Exercise details
Return exactly the lines from the one containing "Point Toe Block Heels Ankle Boots" through the end of the material below, and leave the images out.

Exercise input

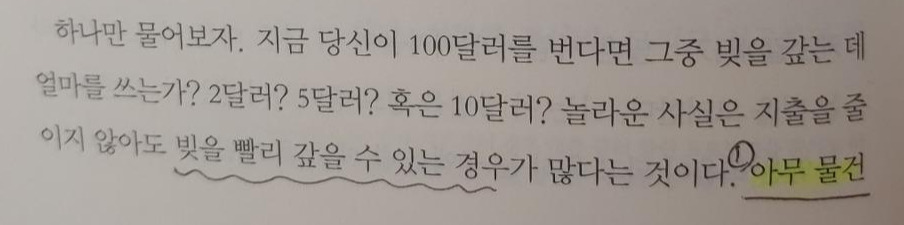 나는 라테를 사는 데 돈을 쓰지 말라고 잔소리하는 부모가 아니다. 나는 외식과 여행에 많은 돈을 쓰지만 전혀 죄책감을 느끼지 않는다. "비싼 물건에 돈을 쓰지 마!" 같은 단순한 태도보다 더 세련된 접근법을 취할 수 있기 때문이다. -<부자 되는 법을 가르쳐 드립니다>, p. 197
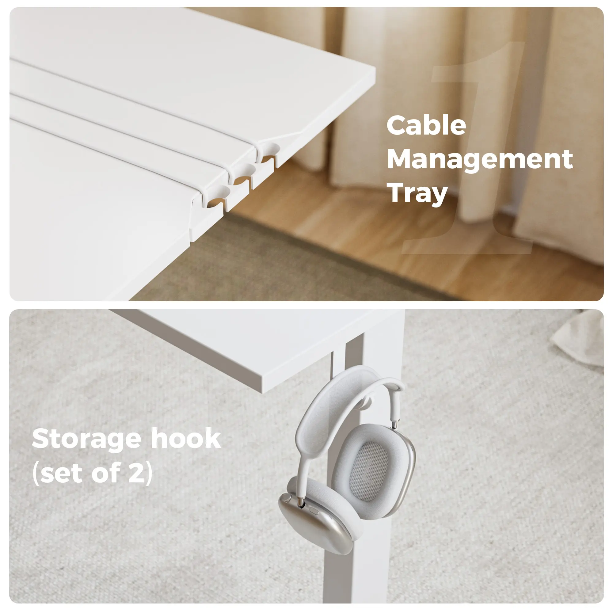 ·Storage: Two side hooks for headphones, backpacks, or other accessories
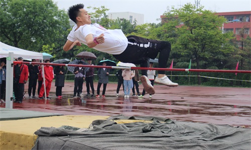 纵身一跃,活力四射,这就是运动员徐长壮。轻如燕子穿梭,飞到横杆之上,用双腿形成斗志与力量的夹角,用全身划出亮丽的弧度,带来了最精彩的一瞬。
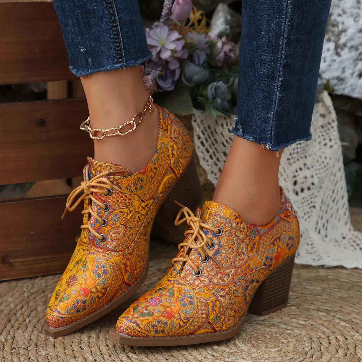 Point Toe Block Heels Ankle Boots
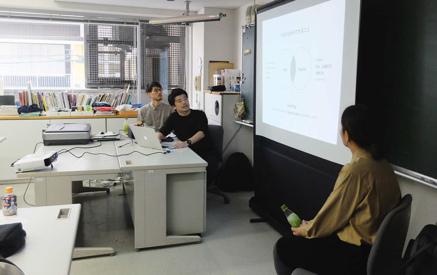2018年11月、ハイライツのメンバー4名が教壇に立ち、横浜デザイン学院の特別授業を行いました。テーマは「デザイナーの仕事」。総合デザイン学科の生徒たちが自分の進む道をイメージでき、デザイナーの姿勢や考え方を学べるようにすることがこの授業の狙いです。
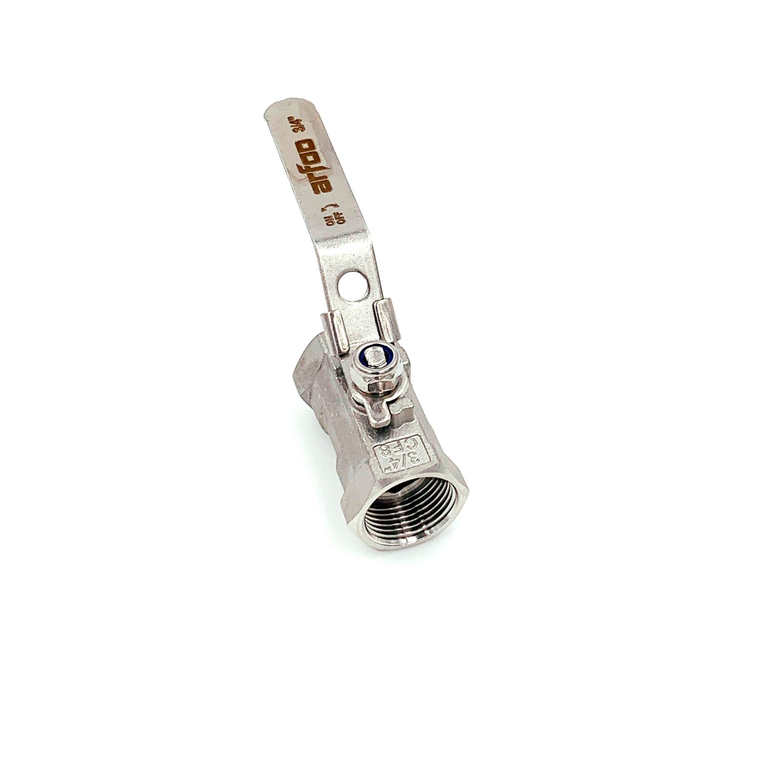 Válvula esfera Monobloco com Rosca fêmea de 3/4″ em aço e inox.

Result of the task
 Point Toe Block Heels Ankle Boots
2018年11月、ハイライツのメンバー4名が教壇に立ち、横浜デザイン学院の特別授業を行いました。テーマは「デザイナーの仕事」。総合デザイン学科の生徒たちが自分の進む道をイメージでき、デザイナーの姿勢や考え方を学べるようにすることがこの授業の狙いです。
 Válvula esfera Monobloco com Rosca fêmea de 3/4″ em aço e inox.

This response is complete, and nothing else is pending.